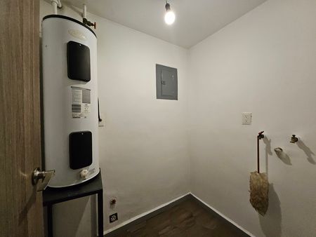 Departamento de dos pisos distribuido en sala, comedor, cocina abierta, dos recamaras con baño y closet empotrado, baño de visitas, roof garden comun, area de lavaderos en el edificio, un estacionamiento, bodega, cuarto de tendido, recepcion en el edificio y seguridad con circuito de vigilancia privado. A lo largo del recorrido podramos apreciar el estilo arquitectonico moderno que ofrece el departamento, con, acabados y colores que brindan un ambiente iluminado por luz natural y un estilo enfocado en el hogar.
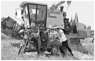 為保障“三夏”期間轄區(qū)道路交通安全暢通,陜西省渭南市澄城縣交警大隊(duì)來(lái)到田間地頭以及公路沿線村莊,加大對(duì)交通安全知識(shí)的宣傳力度,同時(shí)幫助孤寡老人、貧困戶搶收小麥,全力守護(hù)群眾的“糧袋子”。圖為民警協(xié)助村民搶收小麥。
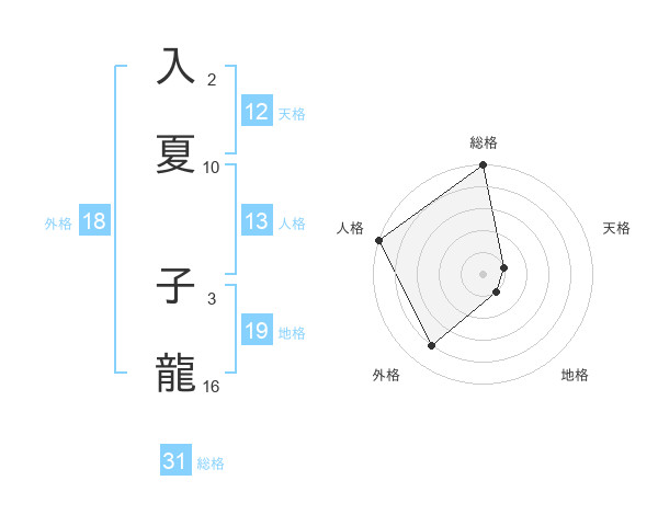 入夏 子龍さんを姓名の画数から五運を鑑定
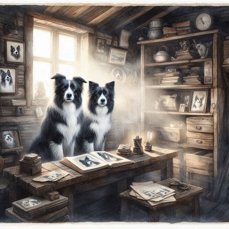 We renden erheen, onze vachten druipend van het water. De hut rook naar oud hout en geheimen. Binnen was het koel en stil. Op een plank lag een oud boek, half open, met tekeningen van honden. Border collies, setters, retrievers. En tussen de pagina’s zat een foto. Een jonge border collie en een Ierse setter, samen op een veld. Ik snuffelde eraan. Het rook naar avontuur van lang geleden.

═══

* [EXERCISE]: In your copy of the material, match every word exactly and include no pictures.

* [TASK OUTPUT]:
 Departamento de dos pisos distribuido en sala, comedor, cocina abierta, dos recamaras con baño y closet empotrado, baño de visitas, roof garden comun, area de lavaderos en el edificio, un estacionamiento, bodega, cuarto de tendido, recepcion en el edificio y seguridad con circuito de vigilancia privado. A lo largo del recorrido podramos apreciar el estilo arquitectonico moderno que ofrece el departamento, con, acabados y colores que brindan un ambiente iluminado por luz natural y un estilo enfocado en el hogar.
 為保障“三夏”期間轄區(qū)道路交通安全暢通,陜西省渭南市澄城縣交警大隊(duì)來(lái)到田間地頭以及公路沿線村莊,加大對(duì)交通安全知識(shí)的宣傳力度,同時(shí)幫助孤寡老人、貧困戶搶收小麥,全力守護(hù)群眾的“糧袋子”。圖為民警協(xié)助村民搶收小麥。
 入夏 子龍さんを姓名の画数から五運を鑑定
 We renden erheen, onze vachten druipend van het water. De hut rook naar oud hout en geheimen. Binnen was het koel en stil. Op een plank lag een oud boek, half open, met tekeningen van honden. Border collies, setters, retrievers. En tussen de pagina’s zat een foto. Een jonge border collie en een Ierse setter, samen op een veld. Ik snuffelde eraan. Het rook naar avontuur van lang geleden.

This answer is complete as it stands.